I. 1. В чем состоит одиночество в детстве? В детстве ребенок, засаженный в комнате и не имеющий возможности играть с однолетками — одинок. Отсутствие движения дурно влияет на его организм. Невозможность играть с детьми подавляет в нем инстинкты товарищ<ества> и уменья сходиться с людьми. Ум не занят своевременно работою. Ребенок скучает. Он ищет каких ни на есть развлечений и наталкивается на онанизм. Окружающие его взрослые люди дурно на него влияют. Онанизм, недостаток движения и воздуха, непривычка к играм, требующим смелости, энергии, живости и ловкости; развиваются вследствие этого — слабость тела, ослабление умственных способностей, развитие мечтательности, развратные грезы, излишняя стыдливость, робость, застенчивость, слабость воли, бесхарактерность, безличность, лень, привычка подчиняться другим, апатичность, вялость, неловкость, затаенность и скрытность. Находясь под исключительным влиянием только взрослых, он быстро проникается их пороками и слабостями, преждевременно развивается, если от природы умен. А если глуп — только опошляется и падает в безнадежный мрак. Вследствие лености и недисциплинированности мысли, развитие идет кое-как, неровно и часто поверхностно. Но в некоторых направлениях идет далеко. Это вопросы о свободе любви и отсюда вообще о свободе совести и поступков, о равенстве и социальном устройстве будущих обществ. Это вопросы, затрагивающие развитое воображение. Так же далеко идет в эстетическом отношении, хотя, по теории эс<тетики — ?>. Нуждается в авторитете по своей слабости. Авторитет — вообще сильно.

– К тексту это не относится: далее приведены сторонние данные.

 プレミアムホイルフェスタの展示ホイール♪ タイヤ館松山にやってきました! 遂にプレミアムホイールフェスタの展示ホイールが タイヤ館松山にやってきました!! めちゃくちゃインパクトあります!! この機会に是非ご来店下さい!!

2. Ребенок, не умеющий сойтись с товарищами — одинок (см. 1).
Это требует некоторого объяснения. Берется мною ребенок умный, с высоким лбом. В условиях I.1 он развивается довольно значительно, и не столько с умственной стороны, сколько со стороны сердечной.
Онанизм делает человека меланхоликом, мизантропом. Но человек исполнен неразрешимых противоречий. Сладострастные наслаждения есть подобие наслаждений любовных. В нем вырабатывается чувство изящного. В то же время чувство любви, нежности, хотя все это скрыто под личиной холодности и апатичности. Онанист испорчен нравственно лишь тогда, когда он имеет столкновение с грубыми, развратными товарищами и сходится с ними. Если он одинок, чувство прекрасного заставляет его презирать их. В юности он еще может возродиться, если что-нибудь разбудит в его душе прекрасные чувства.

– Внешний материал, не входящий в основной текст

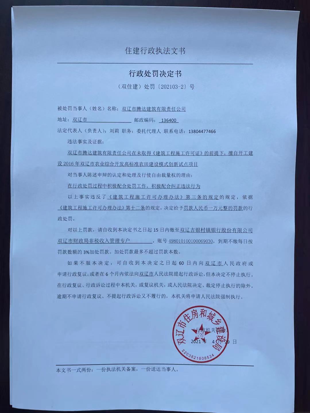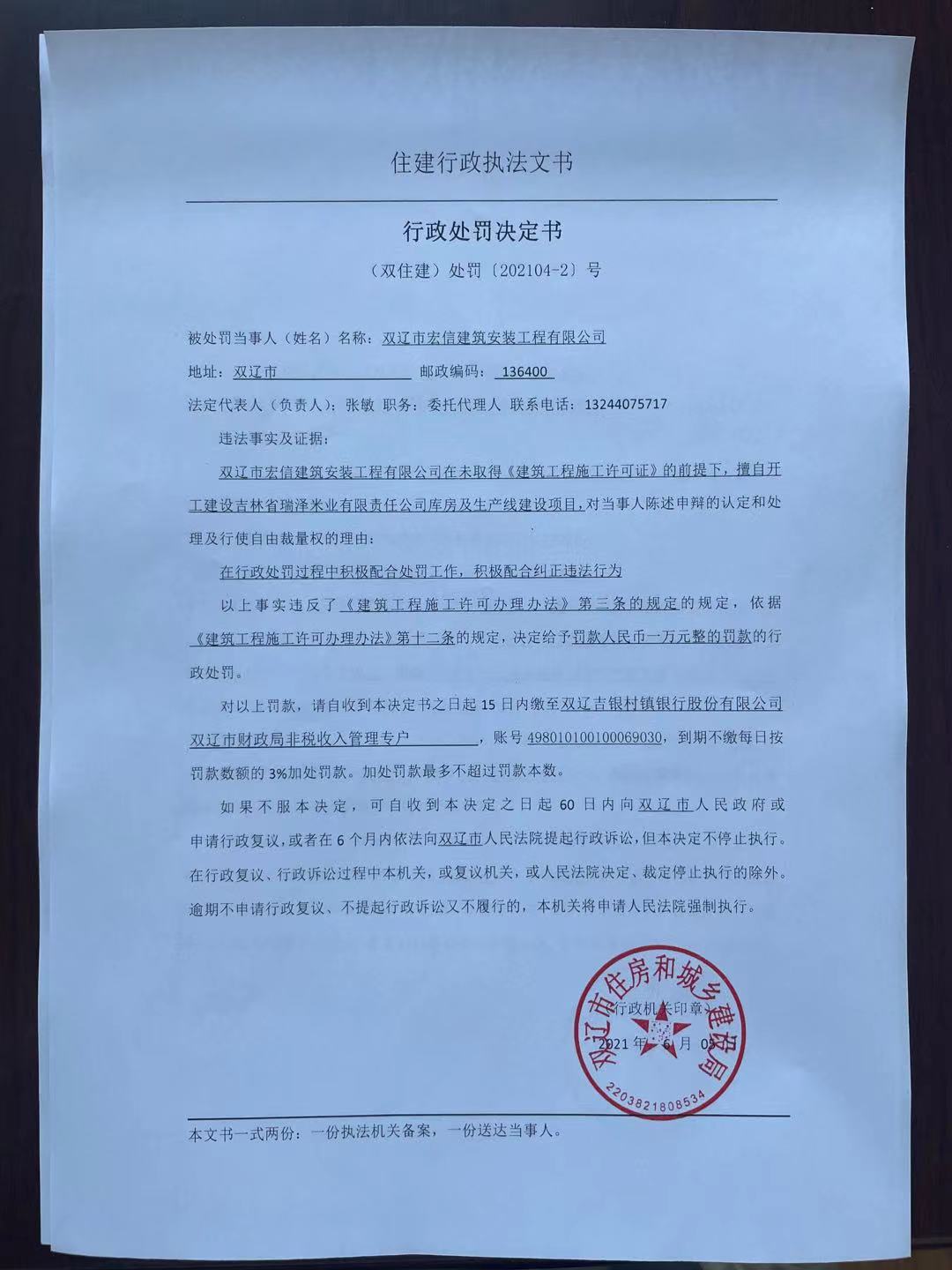 双辽市住房和城乡建设局行政处罚决定书(202104-2号)

2-е утро. 29 июня 1881 года. Относительно способности развивать свои нравственные убеждения онанист стоит весьма высоко, если он умен. Он сознает свое падение, сознает всю грязь своей жизни, и чем грязнее его жизнь, тем чище противоречащий ей идеал. Но этого мало. Привыкнувший смело и откровенно смотреть на себя, сознавая и свое хорошее и дурное, он привыкает также прямо и свободно глядеть в глаза каждой истине. Робкий в личных отношениях, застенчивый в обществе, он смел наедине с собою и в своих логических построениях. Беспрестанно его воображение работает над картинами любви. Если он презирает свой разврат и гнусные удовольствия, которые так близки к этому разврату, то он стремится облагородить свои развратные мечты. Он убеждается, что его разврат не был бы преступен, если бы не грозил его здоровью. Под влиянием кое-как прочитанных книг, увлекаемый своею смелою и честною мыслью, он идет далеко и разрушает основания нравственности в своем сердце. Она заменяется разумом, и он обвиняет себя уже с другой точки зрения. Начинается борьба между разумом и плотью, как раньше между условным и естественным.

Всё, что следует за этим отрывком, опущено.